SUPPLIED RECORDS ->
:::
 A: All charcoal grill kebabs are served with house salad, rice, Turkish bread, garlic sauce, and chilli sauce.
:::
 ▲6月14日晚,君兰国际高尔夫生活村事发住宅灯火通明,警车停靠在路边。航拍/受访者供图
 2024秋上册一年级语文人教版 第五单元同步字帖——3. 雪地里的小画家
:::
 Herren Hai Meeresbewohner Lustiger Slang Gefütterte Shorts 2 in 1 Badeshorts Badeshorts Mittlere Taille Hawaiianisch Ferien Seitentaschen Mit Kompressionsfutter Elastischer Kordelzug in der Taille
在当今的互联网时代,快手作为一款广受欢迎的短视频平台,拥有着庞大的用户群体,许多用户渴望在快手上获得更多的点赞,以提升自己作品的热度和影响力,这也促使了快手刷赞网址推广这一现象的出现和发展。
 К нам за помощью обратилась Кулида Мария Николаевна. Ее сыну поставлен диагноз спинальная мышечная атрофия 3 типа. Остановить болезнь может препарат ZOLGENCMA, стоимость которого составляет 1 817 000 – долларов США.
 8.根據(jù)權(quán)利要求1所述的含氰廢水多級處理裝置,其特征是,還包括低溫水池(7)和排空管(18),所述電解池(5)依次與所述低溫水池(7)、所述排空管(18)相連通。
:::
What you return must be the lines above that run from the line with "К нам за помощью" to the line with "8.根據(jù)權(quán", inclusive, each copied exactly.

 К нам за помощью обратилась Кулида Мария Николаевна. Ее сыну поставлен диагноз спинальная мышечная атрофия 3 типа. Остановить болезнь может препарат ZOLGENCMA, стоимость которого составляет 1 817 000 – долларов США.
 8.根據(jù)權(quán)利要求1所述的含氰廢水多級處理裝置,其特征是,還包括低溫水池(7)和排空管(18),所述電解池(5)依次與所述低溫水池(7)、所述排空管(18)相連通。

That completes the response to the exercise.